* Aim of the exercise *
In the entries that follow, find the line containing "3、在弹窗中,需要自定义输入仓库名称, 需要填写的userCode和Access Token需要联系海外仓经理获取" and the line containing "Vintage Bakery Scene", then retype exactly the lines from the first through the second, pictures excluded.

* Source data *
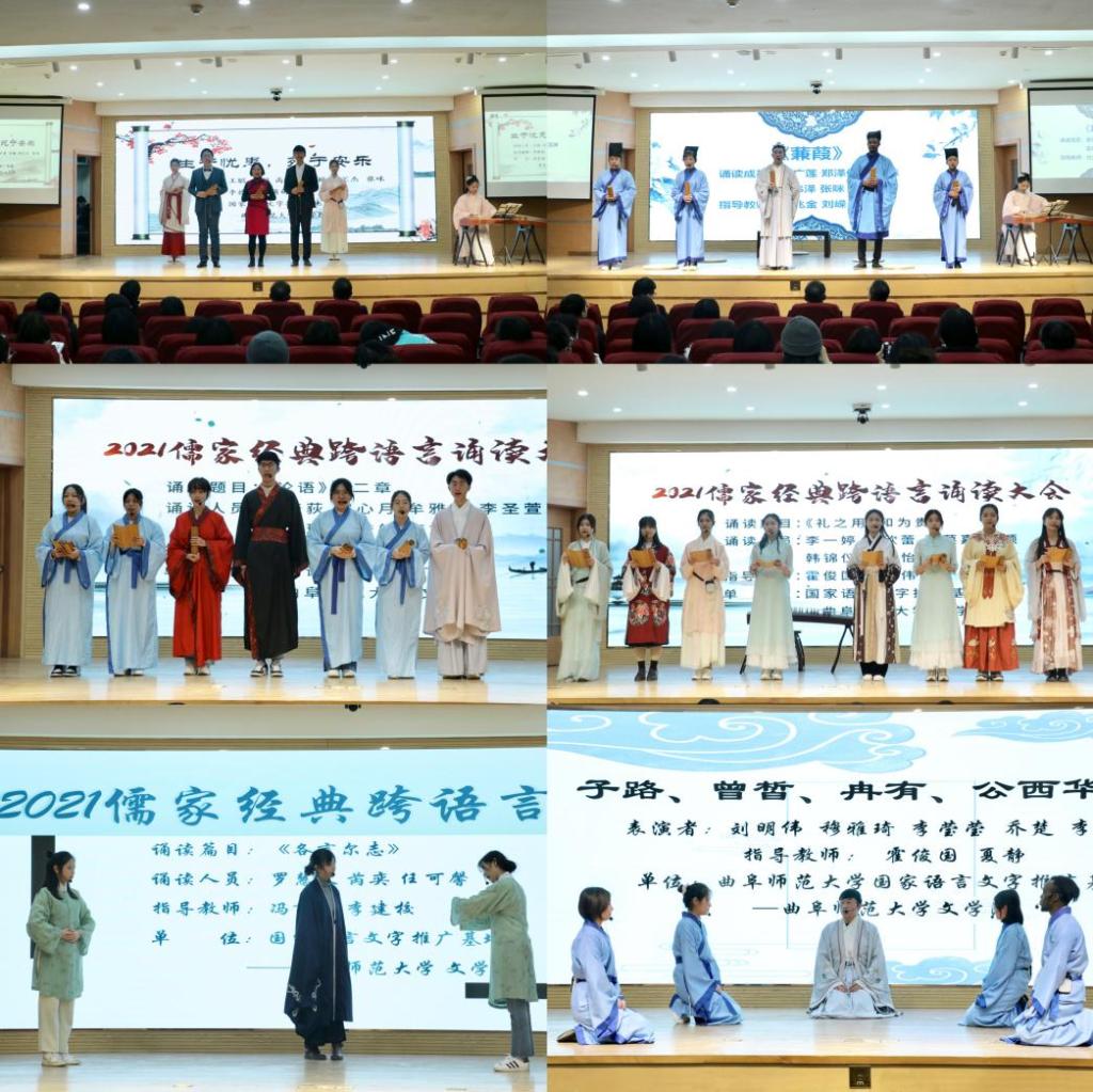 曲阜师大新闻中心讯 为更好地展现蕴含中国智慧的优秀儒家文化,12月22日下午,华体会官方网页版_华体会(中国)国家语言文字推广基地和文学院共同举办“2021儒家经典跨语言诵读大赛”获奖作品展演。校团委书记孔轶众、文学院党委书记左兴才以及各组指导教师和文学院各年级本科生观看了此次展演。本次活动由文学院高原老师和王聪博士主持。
...
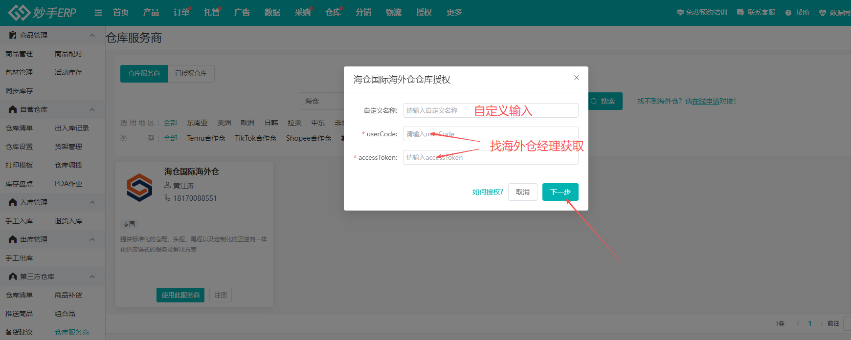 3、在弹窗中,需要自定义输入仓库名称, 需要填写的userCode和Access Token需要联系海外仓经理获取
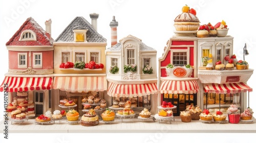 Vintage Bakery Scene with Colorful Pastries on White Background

* Written solution *
 3、在弹窗中,需要自定义输入仓库名称, 需要填写的userCode和Access Token需要联系海外仓经理获取
 Vintage Bakery Scene with Colorful Pastries on White Background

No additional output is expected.